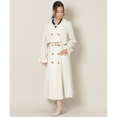 1着で印象を変えられる、3Wayトレンチコート【Design】・好評だった3Wayトレンチコートを、リボンスリーブデザインでアップデート。・そのまま着用すれば、クラシカルで上品なトレンチスタイルに。・インナー部分のみでの着用は、ワンピースとしても楽しめ、トップス部分のみでの着用は、ショートジャケットとして活躍します。・ベルトでウエストを引き締めることで、メリハリのあるシルエットになります◎・べっ甲調ボタンが、さりげなく上品なアクセントをプラス。・シーンや気分に合わせてアレンジできる、マルチに使える1着です♪【Fabric】・なめらかな風合いの素材を使用。・ホワイト、エクリュ、ベージュ、の3色展開となります。【Care】ドライクリーニング
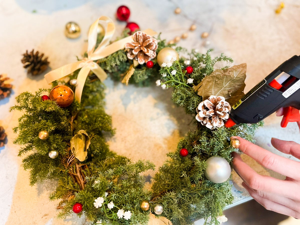 松ぼっくりやオーナメント、もみの木、ドライフラワーなどたくさんの材料を用意したリース作りワークショップ。世界に一つだけのオリジナルリースを作ってお家にクリスマス気分を持ち帰ってみては?
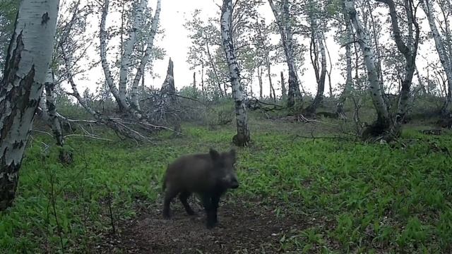 В селе Ишалка кабан, рывший землю в поисках еды, был напуган истошным криком косули, попав на фотоло
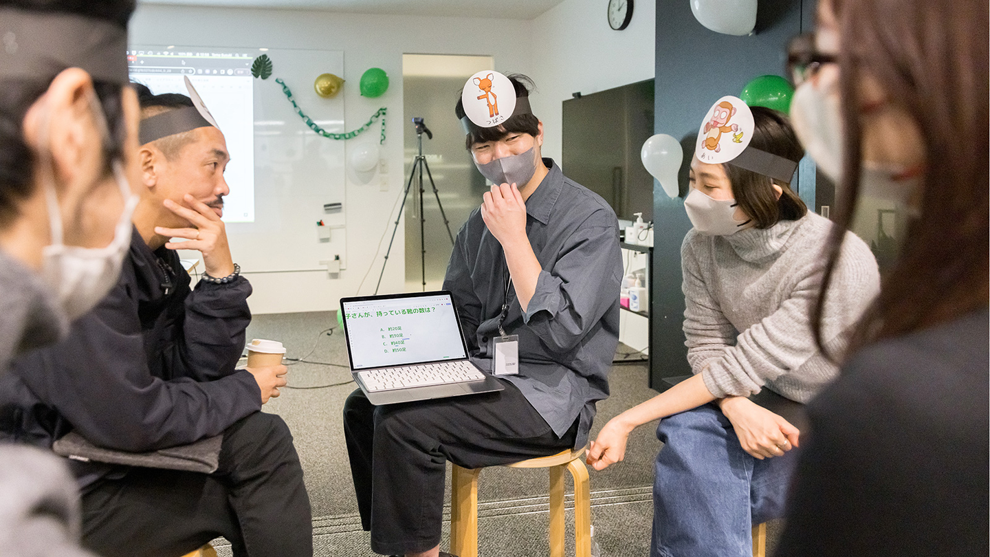クイズの内容は、「啓子さんが、持っている靴の数は?」「戸塚さんが、家庭科で使っていた裁縫セットのデザインはどれ?」など、まさにダレ得?なものばかり。普段左脳を使ってロジカルに考えることの多いメンバーたちですが、この日は右脳を使って直感で考えます。
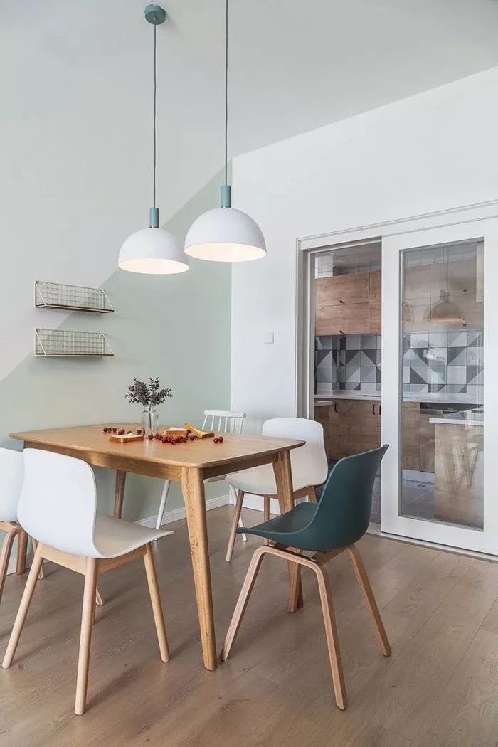 走过玄关就到了餐厅空间,餐厅的背景墙刷了一半的淡绿色,给人一种小清新的感觉。餐桌椅的款式是北欧风中常见的简洁款,可以更好的融入餐厅当中。
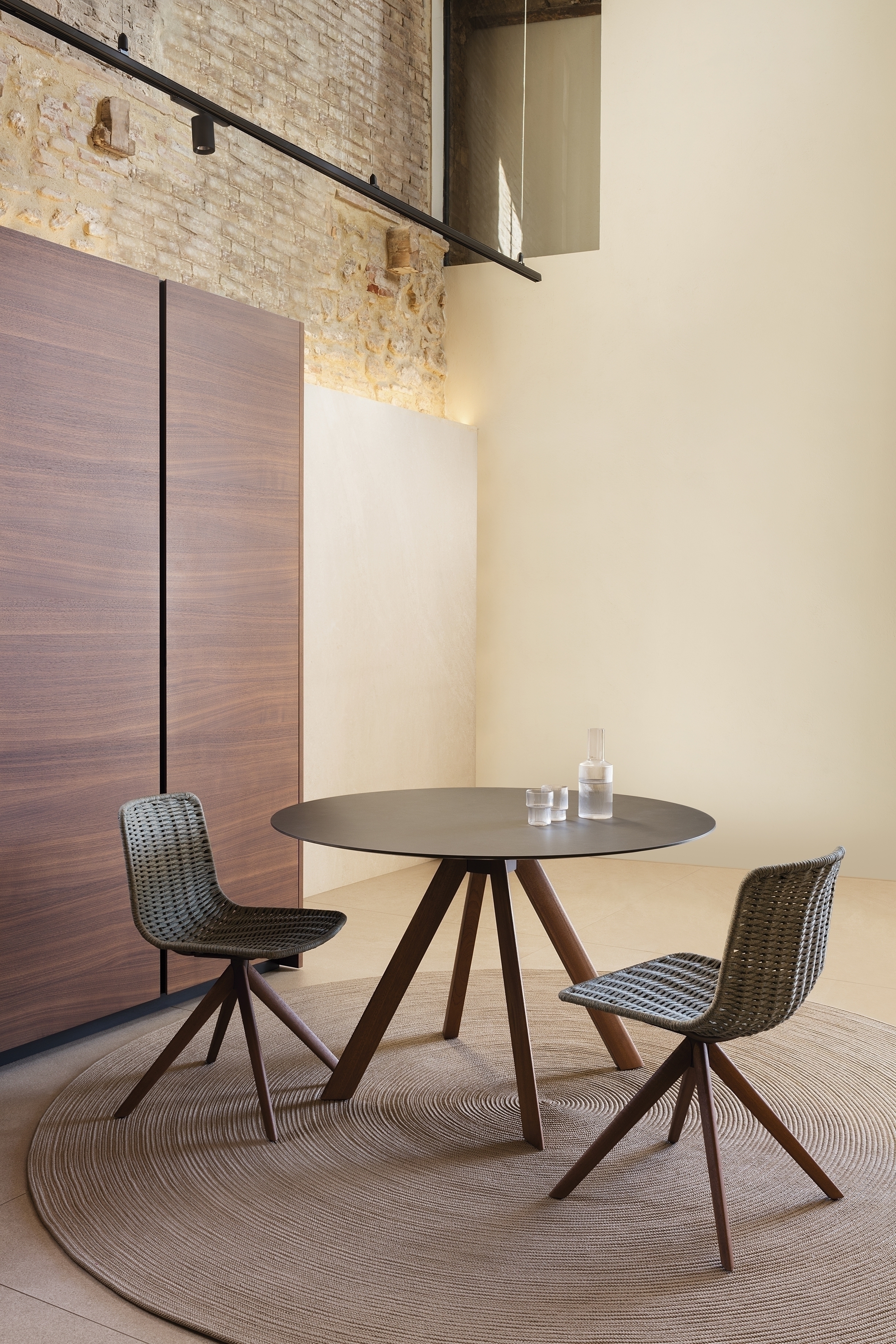 Круглый обеденный стол с каркасом из высокопрочного алюминиевого профиля и ножками из древесины сапеле. Варианты столешниц: HPL Trespa® толщиной 13 мм/0,51 дюйма и Dekton® толщиной 8 мм/0,31 дюйма.

_ _ _

▶ _PROBLEM DETAILS_: Starting with the line that contains "走过玄关就到了餐厅空间,餐厅", copy every line word for word through the end of the listing above, but leave out the pictures.

▶ _OUTPUT OF THE EXERCISE_:
 走过玄关就到了餐厅空间,餐厅的背景墙刷了一半的淡绿色,给人一种小清新的感觉。餐桌椅的款式是北欧风中常见的简洁款,可以更好的融入餐厅当中。
 Круглый обеденный стол с каркасом из высокопрочного алюминиевого профиля и ножками из древесины сапеле. Варианты столешниц: HPL Trespa® толщиной 13 мм/0,51 дюйма и Dekton® толщиной 8 мм/0,31 дюйма.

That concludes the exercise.